Die disziplinierte Rebellion

Sahara, USA/Spanien 2005, Breck Eisner

Wenn die Amerikaner sich mit einer (historischen) Mission in den Orient oder, ganz allgemein, in die dritte Welt begeben, sind sie meist nach modernsten Vorgaben bewaffnet und in reguläre militärische Einheiten organisiert. Im Kino sieht es dann häufig etwas anders aus: Schon Rambo kämpfte in Vietnam als Einzelgänger mit primitivsten Waffen gegen die feindlichen Hubschrauber. In „Sahara“ sind es wieder die Einheimischen, die über die überlegene Kriegstechnik verfügen, während die Amerikaner sich auf Guerillataktiken verlassen müssen. Ursprünglich sind die amerikanischen Helden im Film jedoch gar nicht als Krieger unterwegs, sondern als unabhängige Forscher und Abenteurer, die aber ganz nebenbei immer die Interessen ihres Landes zu verteidigen wissen, die (ebenfalls ganz zufällig) mit Interessen der ganzen aufgeklärten Menschheit übereinstimmen.
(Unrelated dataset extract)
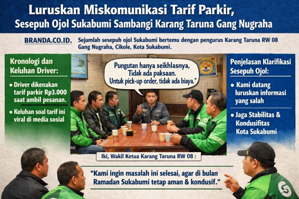 BRANDA.CO.ID – Sejumlah tokoh senior atau sesepuh ojek online (ojol) di Kota Sukabumi mendatangi pengurus Karang Taruna RW 08 di Gang Nugraha, RW 01, Kelurahan Cikole, Kamis (12/3/2026).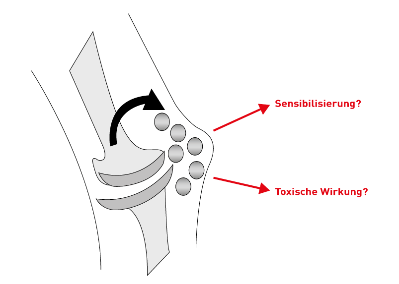Die Ursachen für nötige Revisionen sind vielfältig. Neben einem „Verbrauch“ des Gleitkunststoffs oder Infektionen spielen Lockerungen von Prothesenteilen eine entscheidende Rolle, für die entzündliche Veränderungen im implantatnahen Gewebe verantwortlich sein können. In jüngster Zeit werden vermehrt systemische „Nebenwirkungen“ diskutiert, wie lokale oder auch disseminierte Ekzeme, Wundheilungsstörungen, Einflüsse auf systemische Entzündungsprozesse oder auch potentiell toxische Effekte durch in den Organismus frei werdende Metallionen.

Formal sind die beiden abenteuerlustigen Helden und engsten Freunde, Dirk Pitt (Matthew McConagughey) und Al Giordino (Steve Zahn), allerdings nicht ganz ungebunden, sondern sie unterstehen der fiktiven Organisation NUMA (National Underwater and Marine Agency), die gewagte Schatzsucheexpeditionen auf der ganzuen Welt unternimmt. Der Rahmen des von ihrem Chef (William H. Macy) befohlenen und erlaubten wird aber bald gesprengt – fast gleichzeitig mit dem Satellitentelefon, das ein halsbrecherisches Wassergefecht nicht übersteht, worauf auch der verbale Kontakt mit der leitenden Instanz vorerst abbricht. In der Tat ist fast jeder Abenteuerfilm eine Geschichte der Abnabelung von den Autoritäten, die in einer Reihe von anarchischen Abenteuern zunächst aufwendig inszeniert wird, um dann am Schluss doch zurückgenommen zu werden: Denn die anarchische Freiheit wird von den Helden nur gebraucht, um die Interessen seiner symbolischen Väter umso erfolgreicher verteidigen zu können. Es geht also um eine disziplinierte Rebellion, die wenig Sprengkraft hat (mögen dabei auch so viele Objekte mittels special effects in die Luft gehen). Eine metaphorische Verbindung zum „Gesetzt des Vaters“ schafft auch die begehrte Trophäe, die zum Auslöser der Abenteuerkette wird, und zwar: ein verschollenes Kriegsschiff aus den Zeiten des amerikanischen Bürgerkrieges, das auf eine geheimnisvolle Weise in Afrika aufgetaucht sein soll. Wie schon die Bundeslade mit der historischen Tora im ersten Teil der Indiana Jones Trilogie, erfüllt das sagenumwobene Schiff in „Sahara“ die Funktion eines fetischisierten Symbols für die Rückkehr zur Tradition. So wird die Abenteuerjagd zur Suche nach eigener Identität im Rahmen der vermeintlich ewigen Ordnung, die meistens mit dem Gründungsakt einer nationalen bzw. religiösen Gemeinschaft in Verbindung steht.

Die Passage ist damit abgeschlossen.